Once he’s the Bold Hero guy, everything else kinda falls around him. Tails becomes the Sidekick Boy, who has to be smaller and worse at everything than Protagonist Guy by default, so he can be rescued but also so he has some reason to aspire to being like Protagonist Guy. He can be sweet and kind (which aren’t edgy and cool), and he’s probably a tiny bit more femme than Protagonist Guy, in the vein of the nerdy friend. Tails fits this archetype pretty easily – he’s better than Sonic at machines, which builds in that ‘nerdy friend’ slot.

You can play this outwards; Knuckles is the voice of authority, with his stable position and opposition to Sonic because Sonic isn’t following the rules. There’s Amy Rose, the Good Girl who hangs around him and has an interest in him (which shows he’s desireable), but for some reason he never has to commit or dismiss this – Amy will want him regardless of what a doofus he is and she will usually be at fault for any discomfort he experiences. Rouge introduces a sexy other to Amy, again, a reflection of an image of Sonic, and then, finally… we get Shadow.

Note that up until now, none of the other major characters (Sorry, Big) introduced have been like Sonic. They’ve been explicitly unlike him – Shadow is the first opposite to Sonic (unless you count 1994’s Anti-Sonic The Hedgehog, which we don’t, and he didn’t come back as Scourge the hedgehog until 2011, well after Shadow’s appearance so don’t @ me). And when you’re dealing with archetypes, there is an identity that exists for the characters in movies and TV series like this. The place for a character who is the same type but not the same way. He is coded cool, but 00s edgy to 90s edgy, making him seem slicker, more fashionable, more aware, compared to Sonic’s suddenly oblivious-seeming 90s sort-of-surfer coolness. Shadow is angry, he is resentful, and that casts Sonic, for all of his quick temper, as almost a beach bum. What’s more, Sonic is surrounded by friends and is a celebrated hero – he’s the Protagonist Guy.
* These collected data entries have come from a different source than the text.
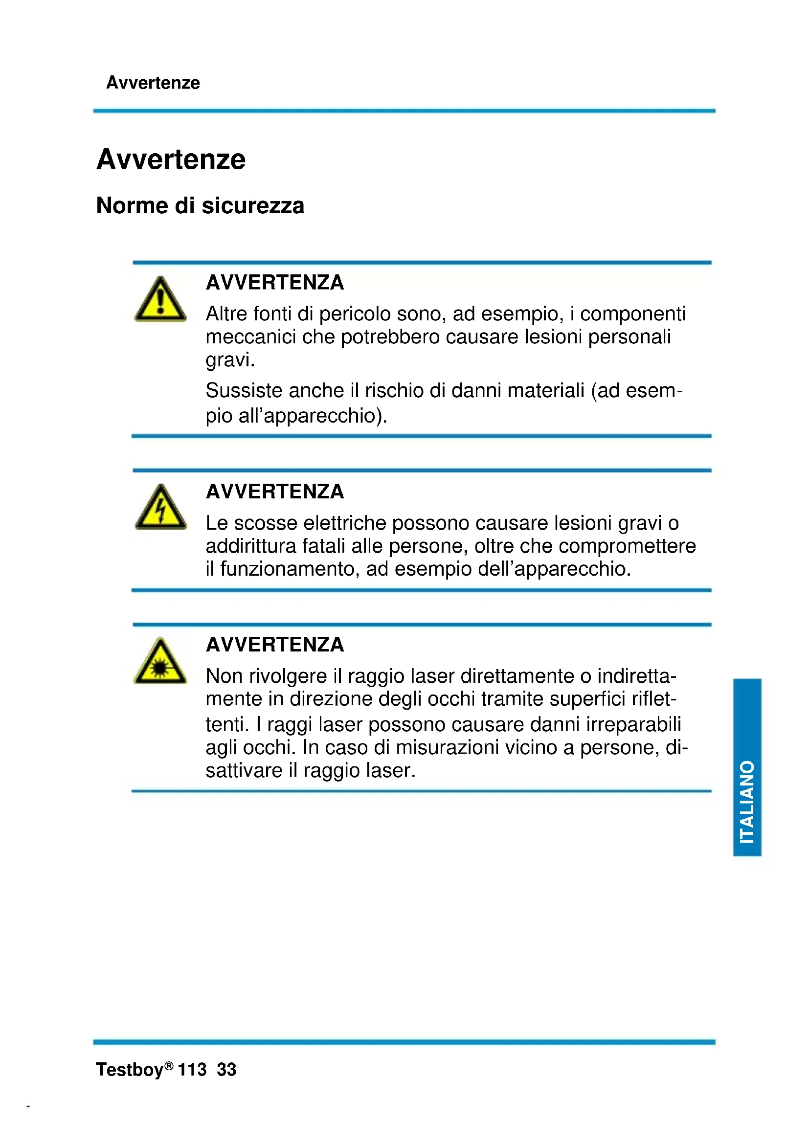 (DIN VDE 0411)Avvertenze Testboy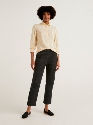 Benetton pantalone za ženu, udobni elastićni pamuk. Chino model sa podesivim strukom i opuštenim nogavicama. Prednji džepovi i mali džepovi na zadnjem delu.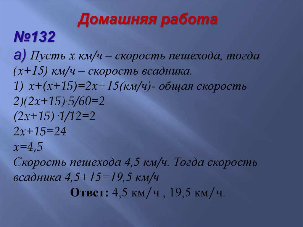 (x+15) км/ч – скорость всадника.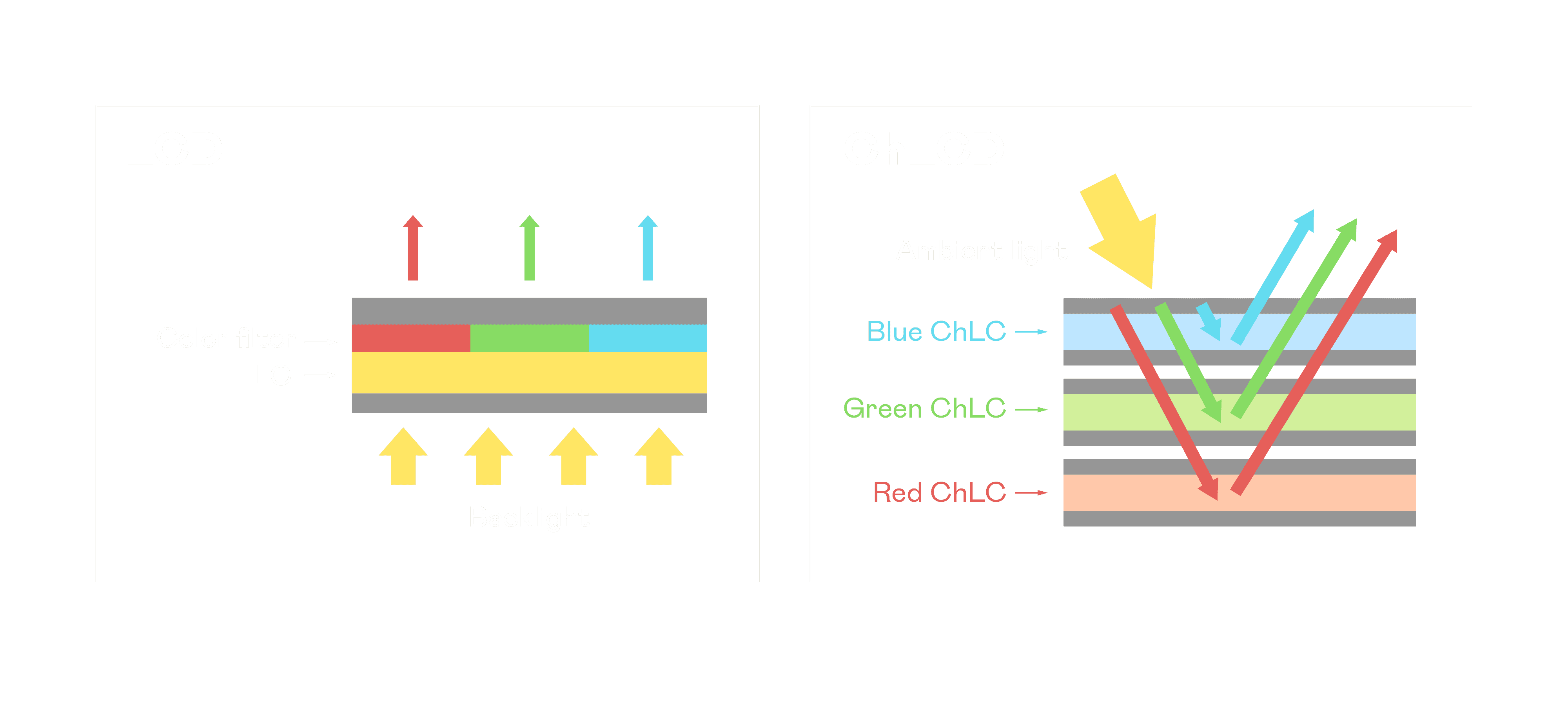 森林舞会胆固醇液晶显示器是由红、、、绿、、、、蓝三层胆固醇液晶面板堆叠而成,,,并采用无彩色滤光片设计,,,,减少环境光在反射过程中的损耗。。。。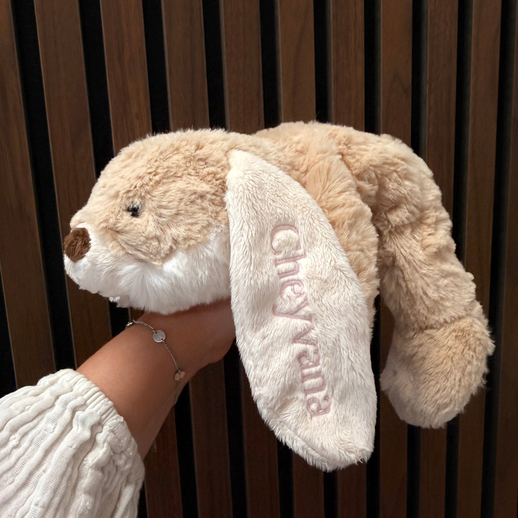 Onze knuffels met naam zijn niet zomaar speelgoed. Ze zijn ontworpen om een specialen band te creëren, om te kunnen troosten op de juiste momenten of een luisterend oor aan te bieden wanneer dit nodig is. Met de mogelijkheid om te knuffel te personaliseren met de naam van de baby, wordt het niet alleen een luisterend oor, maar ook een dierbare herinnering. Kies je voor een lieve knuffel konijn of ga je voor een schattige beren knuffel?

In a template where the Cool Guy is opposed by someone Equally Cool But More Distressed, we enter the cinematic tradition of The Other. He’s bad, but not that bad, he’s an opponent, but not a villain. That makes him a humanised Other, a character who stands to contrast with the hero (in a way that once, Knuckles did). The thing with The Other is, they take on a LOT of forms in different media, but if you’re queer, chances are your favourite character is a The Other. Camp LOVES them to bits.

In the greater narrative space of Sonic the Hedgehog, these characters are still mostly empty. They’re a description of a handful of traits in relationship to one another. In that space, Shadow the Hedgehog is a camp antagonist, an example of The Other, who can be – and sorta IS – All Queerness. What you see there is what you can pour into him.